Checklist

User Stories Documented
User Stories Reviewed
Design Reviewed
APIs reviewed
Release priorities assigned
Test cases reviewed
Blog post

Introduction

Currently, when we load the privileges for a principal in master's cache it remains there forever as the cache expiry defaults to a higher value than the cache refresh interval. As the number of entities and users grow the cache size grows along with it and causes a lot of memory pressure. The cache is currently not bound by size. The master runs a proxy service that all other containers talk to using the RemotePrivilegeFetcher to get all the privileges for a principal. Once a container receives the privileges for a principal it caches it forever as well.

There a couple of reasons for keeping the cache in the master.

The typical access pattern for Sentry is to whitelist a set of users whom the Sentry service will accept requests from. This list generally contains service users and not end users. Following this pattern "cdap" should be whitelisted in Sentry and all requests to Sentry should be made as "cdap".
When an application is started, multiple containers could try to fetch the privileges for the same principal. Fetching the data from Sentry for each of these calls would be costly and greatly increase the program startup time.

So, master fetches privileges from Sentry and caches it and all the containers get it from master and cache it locally.

The way the cache is loaded is Apache Sentry specific and relies on a listPrivileges call that lists all Privileges for a principal. Other Authorization providers, e.g. Apache Ranger, may not have this api.
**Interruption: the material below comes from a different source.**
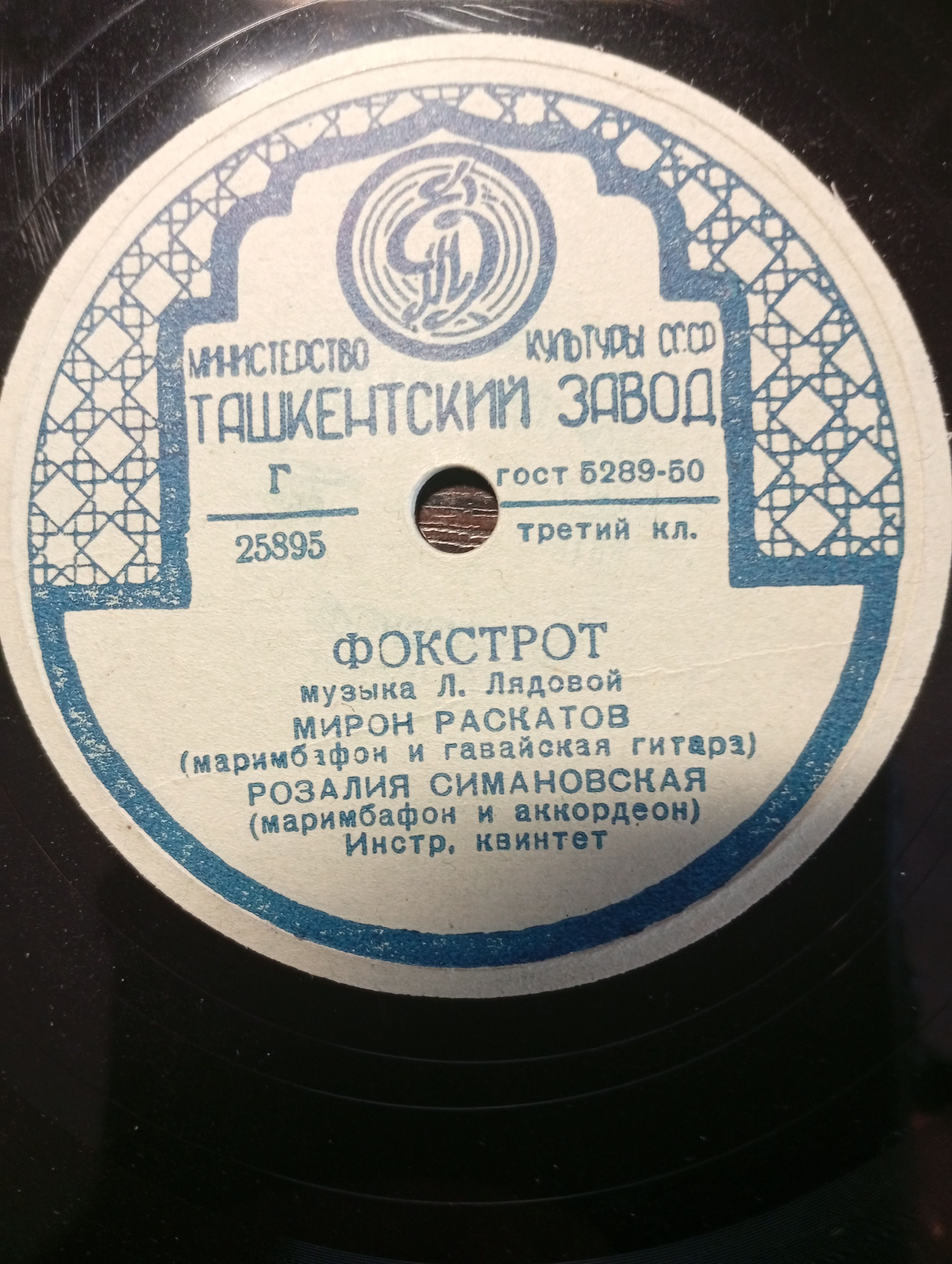 Г-25894 01.Карнавальный вальс (И.Ильин) Эстрадный оркестр Всесоюзного Радио. Дирижёр В.Н.Кнушевицкий Г-25895 02.Фокстрот (Л.Лядова) Мирон Раскатов (маримбафон и гавайская гитара), Розалия Симановская (маримбафон и аккордеон) инструментальный квинтет

We also have a delay between when an entity is created and when the privileges for it make it down to the container. This is dictated by the cache refresh rate.

Goals

Make the caching model more scalable. It should be able to handle hundreds of thousands of privileges.
Refactor the code so that it is easy to support other authorization providers specifically Apache Ranger.

User Stories

User Story #3

Design

Following are the key principles for the caching design, based on the goals above.

Scalable: must be able to support hundreds of thousand of entities across namespaces and for a large number of principals.
Minimize calls to external service as the could be costly.
Should efficiently handle the case where multiple containers are launched for the same app and there is a spike in authorization requests.
Should be able to support different authorization providers, e.g. Apache Sentry, Apache Ranger, and Amazon IAM etc.
Minimize the increase in complexity of creating a new Authorization extension.
Aim to provide consistent performance for different use cases.

The cache will be changed from Principal -> Map<EntityId, Set<Action>> to <Principal, EntityId> -> Set<Action> to reduce caching unnecessary privileges in case the user has a lot of privileges but only a few of them are being used at one time. The cache will also not be refreshed constantly but only loaded in case of a miss. The entries will have configurable expiry time.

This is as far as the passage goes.